2.5. Performance Evaluation

Three specialists in rehabilitation medicine annotated and validated the pharyngeal phase occurrence. They annotated the start and end frames of all occurrences of the pharyngeal phase in all experimental VFSS video clips. According to medical criteria [28,29], the beginning of the pharyngeal phase is defined as the moment when the head of the bolus is propelled to the pharynx, when the soft palate elevates and presses against the posterior wall of the pharynx. The end of the pharyngeal phase is defined as the point when the tail of the bolus exits through the opening of the upper esophageal sphincter.

To comprehensively evaluate the recognition performance of the pharyngeal phase on the test dataset, the accuracy, sensitivity, specificity, false positive rate (FPR), false negative rate (FNR), positive prediction value (PPV), Negative Prediction Value (NPV), diagnostic odds ratio (DOR), area under the receiver operating characteristic curve (AUC), Matthews correlation coefficient (MCC) and kappa were calculated as follows:

Accuracy (ACC) = \frac{T P + T N}{T P + T N + F N + F P}

Sensitivity (True Positive Rate, TPR) = \frac{T P}{T P + F N}

Specificity (True Negative Rate, TNR) = \frac{T N}{T N + F P} False Positive Rate (FPR) = \frac{F P}{F N + T N} False Negative Rate (FNR) = \frac{F N}{F N + T P}

Positive Prediction Value (PPV) = \frac{T P}{T P + F P} Negative Prediction Value (NPV) = \frac{T N}{T N + F N} Diagnostic Odds Ratio (DOR) = \frac{(T P / F N)}{(F P / T N)} Matthew ’ s correlation coefficient (MCC) = \frac{T P \times T N - F P \times F N}{\sqrt{(T P + F P) (T P + F N) (T N + F P) (T N + F N)}}

k a p p a = \frac{p_{0} - p_{e}}{1 - p_{e}}

p_{0} = \frac{T P + T N}{T P + T N + F P + F N} p_{e} = \frac{(T P + F N) \times (T P + F P) + (F P + T N) \times (F N + T N)}{{(T P + T N + F P + F N)}^{2}} .

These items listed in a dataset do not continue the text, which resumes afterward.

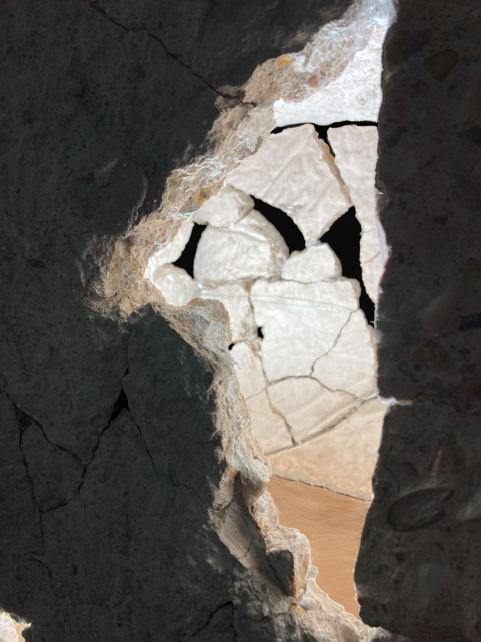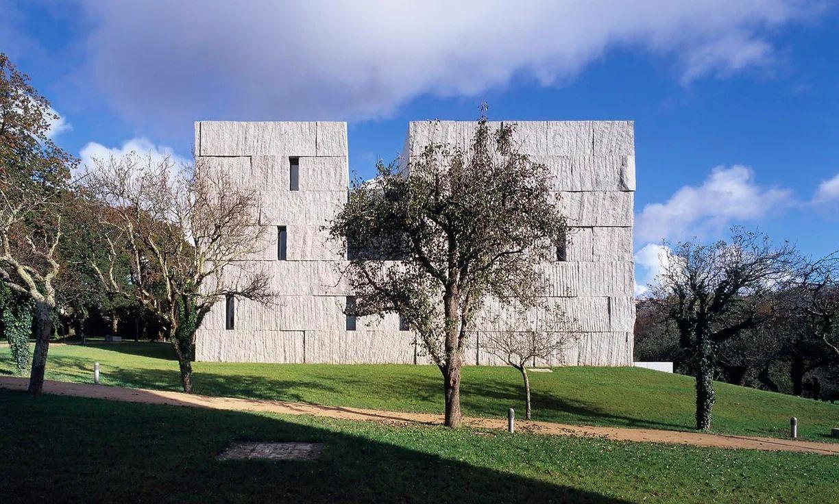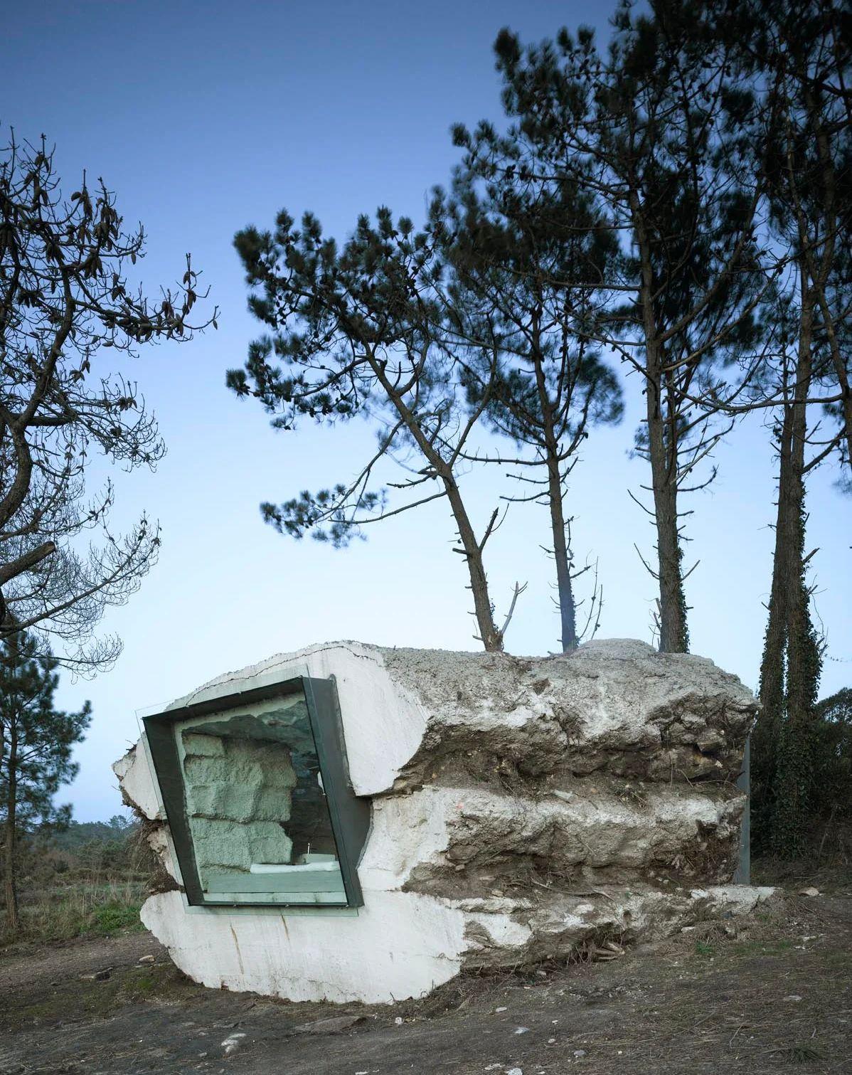I doubt if the energy was captive within the volume and exhaled outside, or if, on the contrary, this dense and contained space breathedduetothepressurethatthebeautiful exteriorlandscapeexertstowardsitsinterior.A fissured mass, always expressing age and the Pyrenees, with its cracked peaks, enters the interior through the interstices of the wall. Inside, is a domesticated plane with a tree in thecenterasahearth flame,andshelterinthe mountains.
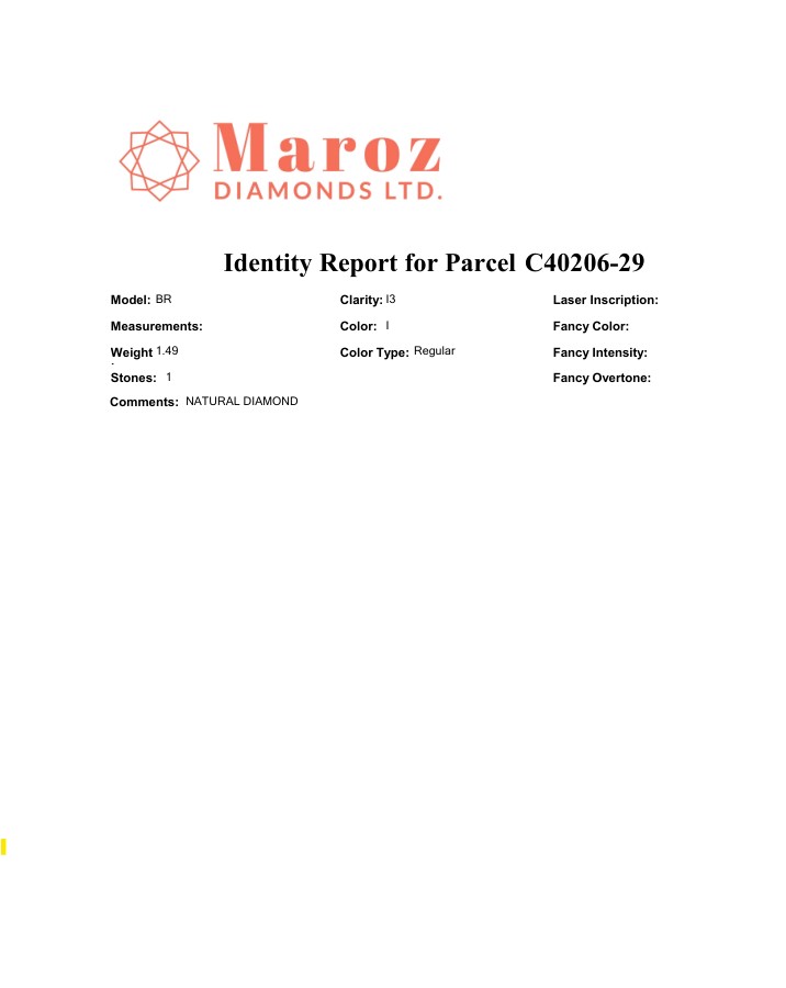 DIAMANTE 1,49 CARATI COLORE I - PUREZZA I3 - TAGLIO BRILLANTE - CERTIFICATO GEMMOLOGICO MAROZ DIAMONDS LTD MEMBRO ISRAEL DIAMOND EXCHANGE - C40206-29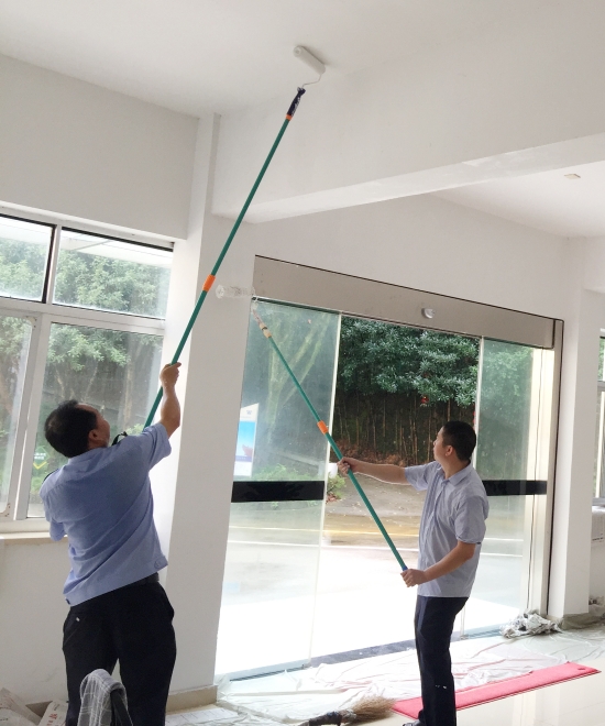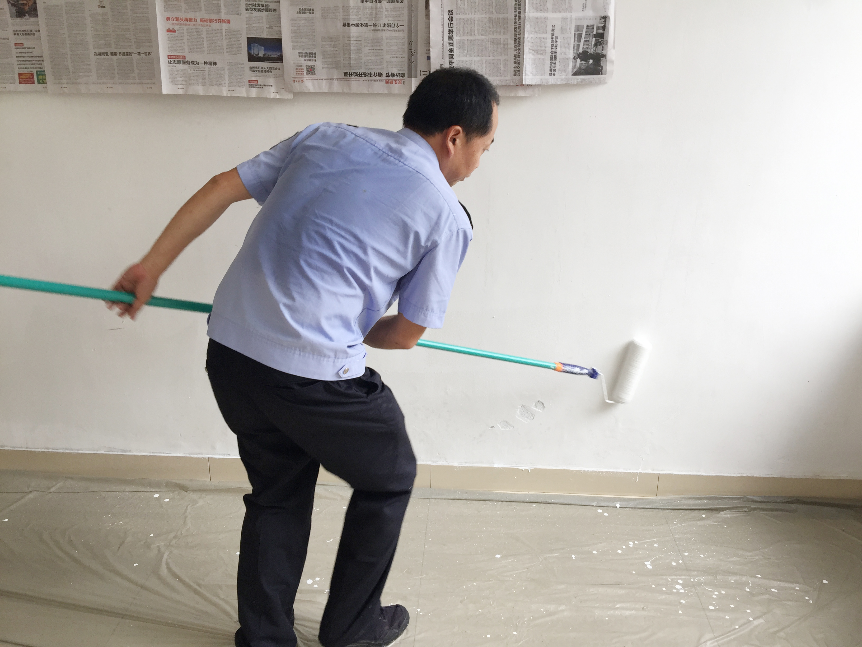 圖為“粉刷匠”粉刷現(xiàn)場(chǎng) 現(xiàn)場(chǎng),工具備齊后,大家捋起袖子開始動(dòng)工。家里正在裝修的林通,有著豐富的粉刷經(jīng)驗(yàn),指導(dǎo)大家如何將墻體粉刷得平整又美觀。分工明確后,有的拿起粉刷棒,有的攪拌涂料,有的鋪墊報(bào)紙及塑料紙,有的清理刷墻后殘留在地面的垃圾。整個(gè)勞動(dòng)過程中,各個(gè)動(dòng)作麻利,干勁十足。粉刷是個(gè)技術(shù)活,更是個(gè)力氣活,只見浸滿涂料的刷子在墻上揮舞著,個(gè)個(gè)汗如雨下,卻都顧不得休息,在大家的齊心協(xié)力下,原本一片灰不溜湫的墻壁變得雪白光潔。 這次義務(wù)勞動(dòng),不僅美化了站所環(huán)境,營(yíng)造出廉潔的工作氛圍,增強(qiáng)了員工的凝聚力和向心力,更增加了全體員工對(duì)公司的一份熱愛。 林玲

TP and FP denote the number of correctly and incorrectly predicted frame images from the entire video clip in the test dataset, respectively. Similarly, TN and FN represent the number of correctly and incorrectly predicted frame images from the entire video clip in the test dataset, respectively.

A sample of the evaluation process is shown in Figure 5. In one of the video clips in the test dataset, true pharyngeal phase-labeled frames existed in the video clip; predicted pharyngeal phase-labeled frames with confidence scores by the trained CNN model existed as well. In the evaluation process, any true labeled frame (true pharyngeal phase frame) that is not predicted as the pharyngeal phase frame by the trained CNN is counted as an FN and any false labeled frame (not pharyngeal phase frame) that is predicted as a pharyngeal phase frame by the trained CNN is counted as an FP.

3. Results

This study was conducted using experimental groups according to the degree of fine-tuning of one backbone deep CNN (VGG16). For each experimental group according to the number of trainable blocks (0 to 5) of the backbone deep CNN (VGG-16) used in this study, the number of non-trainable parameters, number of trainable parameters and training time of each experimental group are shown in Figure 6.

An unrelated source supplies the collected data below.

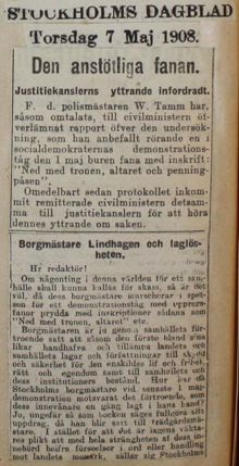 I förstamaj-demonstrationen 1908 bar Johan Valentin Wald en fana med texten "Ned med tronen, altaret och penningapåsen!". Wald dömdes senare till böter för hädelse. Birger Svahn åtalades två gånger 1908, dels för att han busvisslade åt kungafamiljens kortege och dels för att han gav ut en antimilitaristisk skrift.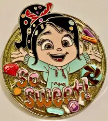 Vanellope - So Sweet! is a Limited Edition (LE) 2000 pin from the Disney Scents (Scratch and Sniff) Series pin series. It was originally released on , 2020 and was available from Disneyland Resort .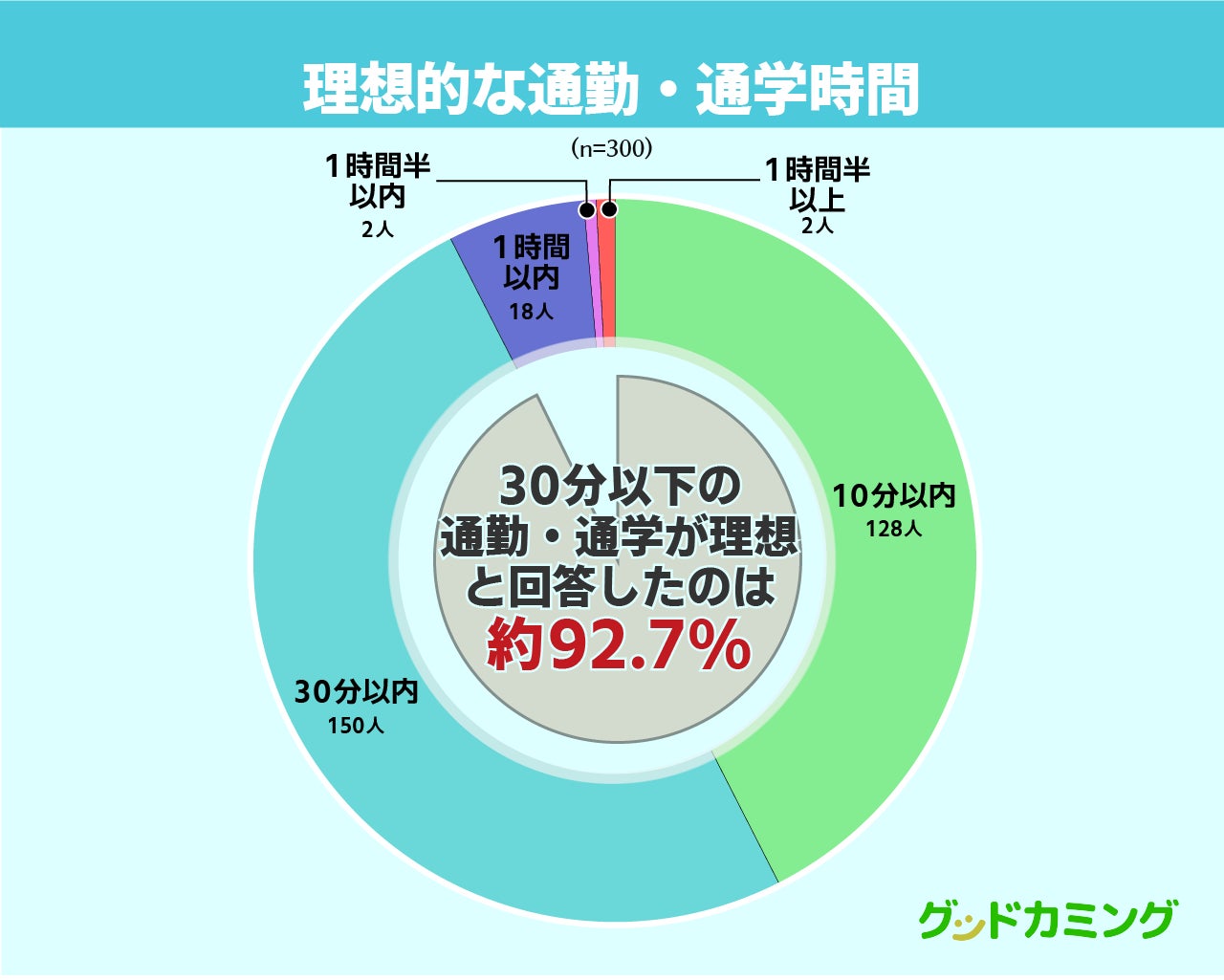 約92.7%が「理想の通勤時間は30分以下」と回答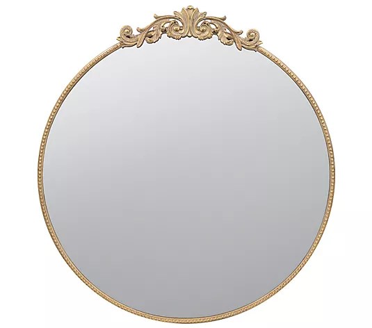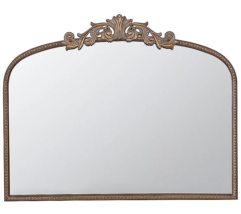 The Valerie Baroque-Inspired Mirror from QVC is a stunning spin on this viral mirror style. It features a modern arched silhouette with a baroque molding detail at the top for added interest and comes in a brassy gold or antique black finish. With the exception of the side details, the mirror is almost an exact replica of the three-foot Anthro version, it’s just a few inches shorter and a tad wider.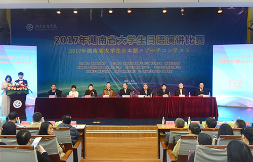 本网讯 11月11日,由湖南省教育厅主办,beat365官网与湖南省高等教育学会日语专业委员会共同承办的2017年湖南省大学生日语演讲比赛在beat365官网尚美楼演播厅举行。省教育厅副厅长葛建中,省教育厅高教处处长曾力勤,省日语专业委员会会长张佩霞,省教育厅高教处副处长杨承玖,省教育厅高教处调研员张琳,beat365官网校长曾宝成,副校长李常健出席开幕式。

3.1. Classification Performance

Table 1, Figure 7 and Figure 8 demonstrate the summarized prediction performance of each experimental group for recognizing the pharyngeal phase frames in the test VFSS video clips. In particular, Figure 7 depicts the changes of some indexes for model performance, reliability and prediction score according to the numbers of trainable blocks in the deep CNN (VGG-16).

Among all experimental groups, fine-tuned with all blocks of the VGG-16 model (VGG16-FT5) achieved the highest recognizing performance, that is, the accuracy of 93.20 (±1.25)%, sensitivity of 84.57 (±5.19)%, specificity of 94.36 (±1.21)%, FPR of 5.64 (±5.64)%, FNR of 15.43 (±5.19)%, PPV of 67.19 (±4.98)%, NPV of 97.84 (±0.72)%, DOR of 104.9054 (±36.92), AUC of 0.8947 (±0.0269), MCC of 0.716 1 (±0.0482) and Kappa of 0.7093 (±0.0488). All performance metrics values generated through 5-fold cross validation of each experimental group are presented in Supplementary Table S1.

3.2. Interpretation of Model Decision Using Grad-CAM

Figure 9 and Figure 10 show examples of visualized interpretation of predictions using deep CNN models in this study. In each example, the color heat map present areas that were most affected by the classification of the deep CNN model. Figure 9 shows a representative example of correctly classified cases for the pharyngeal phase in a VFSS video clip using the VGG16-TF5 CNN model that yielded the best classification performance. Figure 10 shows representative examples of FN and FP classifications, respectively.

4. Discussion

An automatic recognition of the pharyngeal phase frame from VFSS videos may be useful for the clinical analysis of VFSS. Clinically, the analysis of the pharyngeal phase in the VFSS video is important to the entire swallowing process, as it can identify any abnormalities that can result in serious medical complications, such as aspiration pneumonia or asphyxia [30]. To assess the pharyngeal phase in VFSS images, clinicians manually search for the pharyngeal phase in VFSS images through visual inspection. A deep-learning-based simple novel framework is proposed herein to automatically recognize pharyngeal phase frames in untrimmed VFSS video clips. A few previous studies with similar experimental purposes demonstrated high performances by using machine learning techniques [18] or 3D CNNs [16]. However, in the case of the use of 3D CNN, it is difficult to prepare a data set that combines temporal data with 2D images for the ground truth data for training and also it has high training costs due to complex algorithms. Although a single-frame-baseline architecture was used in this study, that is, the most basic architecture among large-scale video classification techniques using the CNN [19], the proposed framework showed the possibility to achieve a substantial level of discriminant ability (AUC = 0.8947 (±0.0269)) for identifying pharyngeal phase frames in VFSS video without unnecessary manual work.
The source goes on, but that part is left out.